The following season was tough and eventful for Aldridge. Rush failed to settle in Italy and Liverpool paid £2.8 million to bring him back to Anfield just before the season kicked off. Kenny Dalglish played Aldridge and Rush together. It was Aldridge who enjoyed the better form during the season, with Rush being hindered by injuries. In the Charity Shield match against Wimbledon at Wembley, Aldridge started the match and scoring both Liverpool goals in a 2–1 win. Aldridge maintained his scoring streak, often playing alongside both Rush and Beardsley in attack, while Rush missed a number of games or started games on the bench due to injuries. In the first league game of the season a week later, Aldridge scored a hat-trick in a 3–0 win at Charlton Athletic. He scored another league hat-trick on 14 March, in the 5–0 home win over Luton Town, which took his league tally for the season to fifteen goals. He reached the twenty-goal mark on 13 May in a 2–1 win at Wimbledon, and finished the season as the club's top scorer with 22 goals in the league, eight in the FA Cup, two in the League Cup, and two in the Charity Shield, amounting to 34 in all competitions.

In the 1989 FA Cup final at Wembley, against Merseyside rivals Everton, Aldridge made up for his penalty failure a year earlier by scoring after four minutes with his first touch of the ball. Substitute Ian Rish, who replaced Aldridge, scored twice in extra time to earn Liverpool a 3–2 victory. Aldridge scored 21 league goals that season, and 31 in all competitions, putting him among the highest scorers in the first division that season. The League and FA Cup "double", achieved by Liverpool in 1986 but denied to them by Wimbledon in 1988, was again possible, with a decider against Arsenal to come at Anfield. Aldridge played in a game which would guarantee Liverpool the title as long as Arsenal failed to win by two clear goals. 1–0 down in injury time, Liverpool conceded another goal to Michael Thomas with virtually the last kick of the season, thus losing the League title.

Aldridge played 104 times for Liverpool, scoring 63 goals, 50 of them in the league.

Real Sociedad
The following 1989–90 season, Kenny Dalglish reverted to a 4–4–2 formation with Rush and Beardsley as first-choice strikers; however, the club accepted an offer of £1 million from La Liga side Real Sociedad in early September 1989, with Aldridge having played twice in the league for Liverpool that season.

This transfer made Aldridge the first non-Basque player to sign for Sociedad in several decades as they abandoned a selective recruitment policy. Before he left Liverpool, he was given a special run-out as a substitute during the club's record-shattering 9–0 win over Crystal Palace in order to score a penalty in front of the Kop. He threw his shirt and boots into the crowd at the end and signed for Real Sociedad the next day on 13 September 1989.

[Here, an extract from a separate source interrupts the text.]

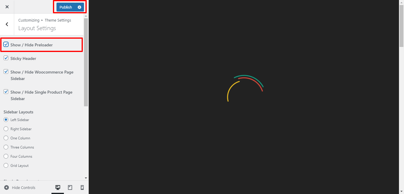 Here You can click the checkebox if you want to Show / Hide preloader.
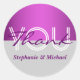 This round sticker has a two tone vibrant purple and light grey background on which the words thank you and the couples name appear. CUSTOMIZE IT - Change the wording to suit your requirements, or delete templates by using the "customise it" button. IDEAL FOR - Elegant, classy and stylish "formal gatherings, events & parties" such as weddings, hollywood engagements, "purple and grey themed" birthdays, "bat mitzvah", "sweet sixteen" or sweet 16; quinceanera and "bridal shower" parties, or for anyone looking for a timeless and classic design that is ultra feminine. They make great envelope and "wedding favour" seals. CUSTOM REQUESTS – If you would like this design on another product, or would like to discuss any changes you may require, please feel free to contact me on clientrequestrw@gmail.com and we can discuss your requirements, and costs, if any apply.

Aldridge scored 40 goals in 75 appearances for Sociedad over two seasons, with the club encouraged to make more signings from English football in 1990, namely Dalian Atkinson and Kevin Richardson. Despite his success, some Sociedad fans initially did not accept him because he was a foreigner. Insulting graffiti was written on the stadium, a fan spat on the ground when Aldridge passed in the street, and his family found it hard to adapt to the different lifestyle in the Basque country. Aldridge handed in a transfer request in 1991 to the newly appointed manager John Toshack – another former Liverpool striker.

Tranmere Rovers
Aldridge returned to Merseyside on 11 July 1991 with Tranmere Rovers, in a £250,000 deal. While there he scored a club-record 40 goals in his first season at Prenton Park – scoring his 40th goal against former club Oxford United. Tranmere, who were playing in the Second Division for the first time in more than fifty years, achieved a mid-table finish in the league.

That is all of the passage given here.